My whole life, I had been lucky enough to be able to get by without paying much attention to my mental health, and certainly without seeking any medical help for it. It took experiencing postnatal depression for me to realize that mental illness is as “real” as any other kind of illness and that you can’t fix it alone based on your strength of mind.
The fog of postnatal depression lifted almost instantly as soon as I stopped breastfeeding my daughter, a year and two months after she was born. It felt like a cloud lifting off my shoulders, and I realized retrospectively that a chemical imbalance had been dramatically altering the way that I felt day-to-day all that time. Yes, I was still incredibly sad about my father’s death, and our financial and career struggles were still there, but I felt like my normal self experiencing those hardships, rather than a total stranger in my own body.
Even though I didn’t seek help from medical professionals at the time, I did have an incredibly supportive family and community around me, who did everything from taking the baby so I could have some time alone or nap, to feeding me, to running me hot baths, to providing me and my family with a home when I could no longer make ends meet on my own. When I was ready to talk about it, they were there for me as I processed what had happened, and they helped me overcome my fears that it would happen again when I got pregnant with my second daughter almost four years later.

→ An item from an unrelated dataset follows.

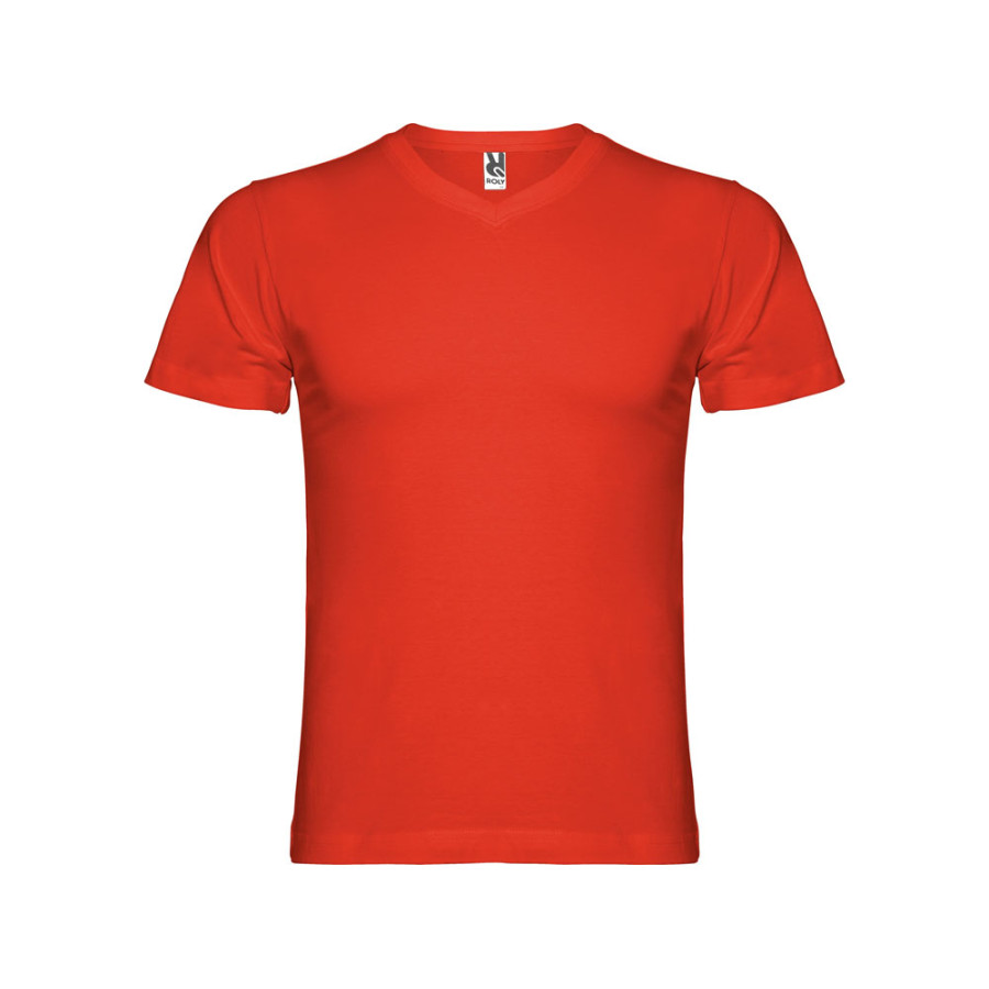 Мужская футболка без боковых швов с коротким рукавом и V-образным вырезом горловины, отделанном рибом 1х1. Горловина и плечевые швы дополнительно укреплены тесьмой.

Hearing about other women’s struggles with postnatal depression was — and still is — the key to helping me come to terms with my own experience, especially from other Catholic women, like Sarah Norton who ran a podcast about postnatal depression called Mental. That’s why I feel so passionately about sharing my own experience with others; I know that the worst part of the experience is the guilt, the sense of loneliness, and the idea that you’re a bad mother for feeling that way.
I hope that my story can offer other women the relief of knowing that these feelings aren’t a reflection on how much we love our children or our worth as mothers, and I’m so grateful to the brave souls who made me feel that way by sharing their own experiences with the world.